Stuffed Mackerel with Roasted Mediterranean Veg

A bright, attractive and healthy dish that comes jam-packed with bundles of great flavours. Also, grilling at the top of the roasting oven, ensures fat splashes and cooking odours are kept to a minimum, because the ovens are vented to outside. Just be sure to turn on the oven vent fan.


Roasted Mediterranean Vegetables

2 courgettes, sliced

1 aubergine, diced

1 red onion, cut into chunks

5 cloves of garlic, peeled

2 red peppers cut into squares

Sprigs of fresh thyme

Black pepper

Olive oil


4 whole mackerel, cleaned

Fresh fennel leaves

2 lemons, sliced


Serves 4


1. Firstly prepare the roasted vegetables by placing them into a bowl. Mix well together with the sprigs of thyme, seasoning and enough olive oil to coat them. Transfer to the AGA shallow baking tray, lined with a piece of Bake-O-Glide.

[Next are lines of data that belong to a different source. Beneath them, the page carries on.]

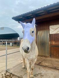 Leggere tutto: Vendo maschera per cavalli per montare fatta a mano, i miei clienti si trovano meglio con questa rispetto alle solite perché non da fastidio ai cavalli *Nella seconda foto c'è l'esempio di com'è la maschera (colore non disponibile)* Misura: Full
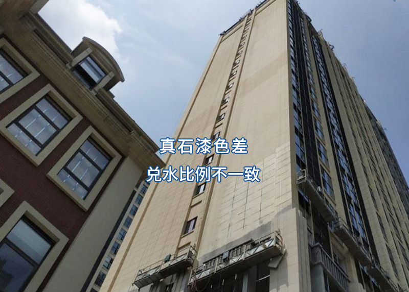 大家都知道,不同溫度下施工,真石漆成膜快慢不一樣,容易引起墻體顏色差異。其中原因有一點(diǎn)可能會(huì)被忽略,就是采用鋼管架施工?,F(xiàn)在氣溫逐漸升高,陽光天氣增多,采用鋼管架施工,遮擋部分會(huì)造成真石漆干燥過慢,墻面形成明顯對(duì)比。建議采用吊籃從上往下施工,同一面墻盡量保持同一時(shí)段施工,避免發(fā)生色差。
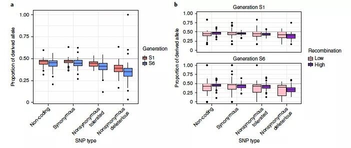 研究团队利用11个地方品种的六个世代的自交系,探究了自交过程中玉米全基因组遗传清除的动态变化。研究发现,在玉米自交过程中,杂合的有害单核苷酸多态性位点更易从基因组中丢失。在高重组率的染色体序列区域,重组可导致与连锁的变异位点的解偶联以增加选择效率,进而致使dSNPs丢失的速率更快。但是,玉米在自交过程中,其杂合度减少的实际速率(35~40%/代)要慢于预期(50%/代),这可能反映出基因组中普遍存在着联合超显性。研究还发现,随着自交代数的增加,3个玉米地方种(MR01、MR08和MR18)的基因组由于大量转座元件和染色体钮被清除而显著减小;这些品种在短短几个世代内平均减少了398 Mb的基因组序列,这相当于每个品种丢失了3个拟南芥基因组。对于那些含有更多转座元件和染色体钮的大基因组玉米品系来说,其发生基因组序列丢失的可能性越大。
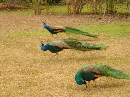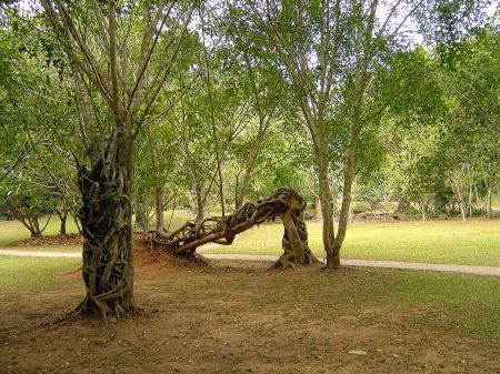 | 椰子の木を食い尽くした印度ガジュマル | 庭園内を遊ぶ孔雀 |
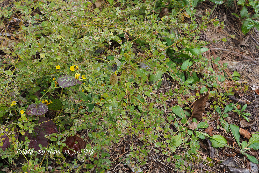 줄기는 길이 60~80cm, 철사처럼 가늘고 땅 위에 누워 자라며 전체에 긴 털이 있다.

2. Slide the tin onto the lowest set of runners down in the roasting oven. Cook for about 30 minutes or until the vegetables are tender and just beginning to brown around the edges.Turn the vegetables occasionally during cooking.

3. Slash the mackerel three times on each side then place onto the large grill rack, high position, in the AGA roasting tin.Tuck fennel, lemon slices and parsley into the cavities.

4. Slide the tin onto the second set of runners in the roasting oven. Grill for 8 minutes then turn over and cook the other side for a further 5-8 minutes, dependent upon the thickness of the mackerel.

5. Serve the mackerel accompanied by the roasted vegetables.